Excerpted-from: 4-2-97-- ShopTalk

                         Wednesday April 2, 1997

	"You know you've entered new territory when you realize that your
	 outfit cost more than your film."
				-Jessice Yu, this year's Oscar winner
				 for Best Documentary Short Subject.


Our National Pastime: "It's that time of the year when you go to the
ballpark and feel the excitement, see the green grass, smell the peanuts
and hear the parking lot attendant say, '$8, please.'" (Paul Ecker)

"Pepsi signed a deal to be the only official drink of major league
baseball," says Argus Hamilton.  "This has some members of the New York
Yankees confused.  How in the world do you snort Pepsi?"

The New Jersey Nets' idea of using fake crowd noise is spreading. "To add
to the ambiance in Los Angeles, the Dodgers have hired extras to leave the
games early." (Cutler Daily Scoop)

Secretary of State Madeline Albright will throw out the first ball on
opening day.  "She will formally launch the season for America's sport by
tossing a ball made of Cuban horsehide stitched together in a Taiwanese
sweatshop by fourth-graders recruited in the Philippines," says Bob Mills.

In Business News: "With new evidence that RJ Reynolds' Joe Camel campaign
targets children, the tobacco company finally agreed to withdraw the
campaign and introduced its new Barney Menthol 100s." (Wolfe and Feinberg)

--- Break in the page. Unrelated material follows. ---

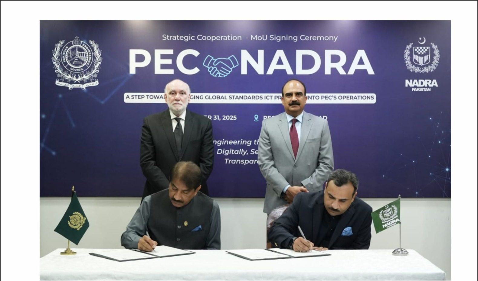 ISLAMABAD: Pakistan Engineering Council (PEC) joined hands with NADRA through signing an MoU to advance cooperation in Information and Communication Technology (ICT) development and digital transformation.

Money Matters: Former President Bush says he never solicited donations while
in the White House.  Says Bill Williams, "After seeing Dan Quayle's letter
that said, 'Send us the monee,' he had to give up on the idea."

The Treasury misprinted $4.6 million in new $100 bills.  "During the
confusion of campaign fundraising, President Clinton had accidentally
ordered them printed in Mandarin." (Mills)

Cirque du OJ: Sheriff's deputies seized possessions from OJ Simpson's
Brentwood mansion.  "They took his golf clubs," says the Scoop.  "Now the
mystery will never be solved."

"Deputies hauled away paintings, helmets, trophies and an unusually sharp
letter opener." (Alex Kaseberg)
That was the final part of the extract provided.